Is the concept of the Objective-C categories in anyway similar to the concept of mixins? If so: what are the similarities? In not: what are the differences?
To the best of my understanding:
To be clear the answer is NO - they are not the same.
The differences are outlined by John Calsbeek in the accepted answer, but I would say the key difference is the one where mixins can be used in different classes, whereas categories always extend exactly one class - which they declare in their definition.
This is the key difference because it means the use cases for these two features are utterly different. Another way of looking at it is that, if you're coming from Ruby to Objective-C and missing your mixins, you won't find any joy with categories.
The use case for mixins is that you have some code - methods and instance variables - that you want to reuse in several classes that don't have a common superclass. You can't do that with categories.
Mixins are effectively "multiple-inheritance" of the type you don't find in Objective-C. The closest thing in objective-c is protocols, just as the closest thing Java is interfaces, but they have neither instance variables nor method bodies (in objective-C or java). So you're generally left with creating helper classes or putting code in superclasses.
The use case for objective-c categories is that you want to add methods to an existing class - even a system or library class.
I would say that mixins are more powerful, but since it's an apples-to-oranges comparison, it would be pointless.
To be accurate:
the Ruby equivalent of Categories, is to simply reopen the class you want to extend and extend it. (You can do that anywhere in Ruby, and it's effectively identical to Categories)
I'm not sure what the objective-c equivalent to Mixins is though - anyone?
[Update] A bit more searching, and no there isn't an equivalent of Mixins in Objective-C, but the enterprising Vladimir Mitrovic has created a library that effectively does it. https://github.com/vl4dimir/ObjectiveMixin
I'm in two minds as to whether to use it or not: sometimes if the language you're using doesn't support something, it's easier to work with it rather than fight it or try to import your favourite features from other languages. ("If you can't be with the programming language you love, love the one you're with").
Then again, perhaps that's just a bit to snooty of me. The whole Aspect Oriented Programming movement has been glomming features onto Java for years (but never gaining much traction, I might add, outside of JBoss). Anyway, Vladimir gets extra kudos for using Ninja Turtles in his example.

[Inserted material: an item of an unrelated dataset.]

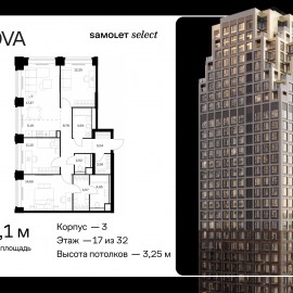 Строим кварталы для жизни с заботой о будущем. Предлагается 3-комнатная квартира премиум-класса 91, 12 кв.м в корпусе 3 на 17 этаже, в ЖК «NOVA» Квартира без отделки. Доступность опции «отделка» и возможность комплектации мебелью и декором уточняйте у застройщика. Приобрести...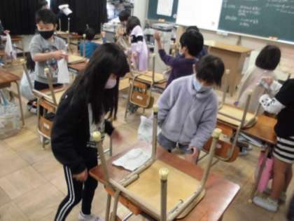 今日は、6年生のお兄さんたちと一緒に、ちょびボラ活動を行いました。教室の机や椅子を、一年間の感謝の気持ちを込めて掃除しました。机の脚などを二人で協力して掃除したり、床や配ぜん台も掃除したりするなど、熱心に取り組む姿が見られてうれしかったです。

On another side node: as a relative objective-c noob, it seems to me that categories are way overused in sample code I find all over the web. It seems common practice to add static helper methods to system classes with categories, when it would be just as easy to create a helper class to house those methods in your project, with less risk of them breaking when the system class is updated or you import someone else's library with their own such categories. A common example is adding new static color methods to UIColor. Why not just add them to a local class?
The one really good use I've seen for categories is adding methods, not to system classes, but to generated classes. So when you generate classes from your core-data object model, and you want to add new constructors or other methods that really do belong in the model class, you can do it with categories, allowing you to safely regenerate the model class if you change your model, without losing your work.
In summary: - forget about categories as a solution for mixins - categories are good for core-data but overused and overrated otherwise
Categories are defined for a particular class, as far as I know, you can't create a category and add the methods it implements to several classes.
With a mixin, you might derive a new class from your base and the mixin, then instantiate this new class to take advantage of it.
With a category, you are effectively adding directly the base class, so that all instances of that base have access to the functionality provided by the category.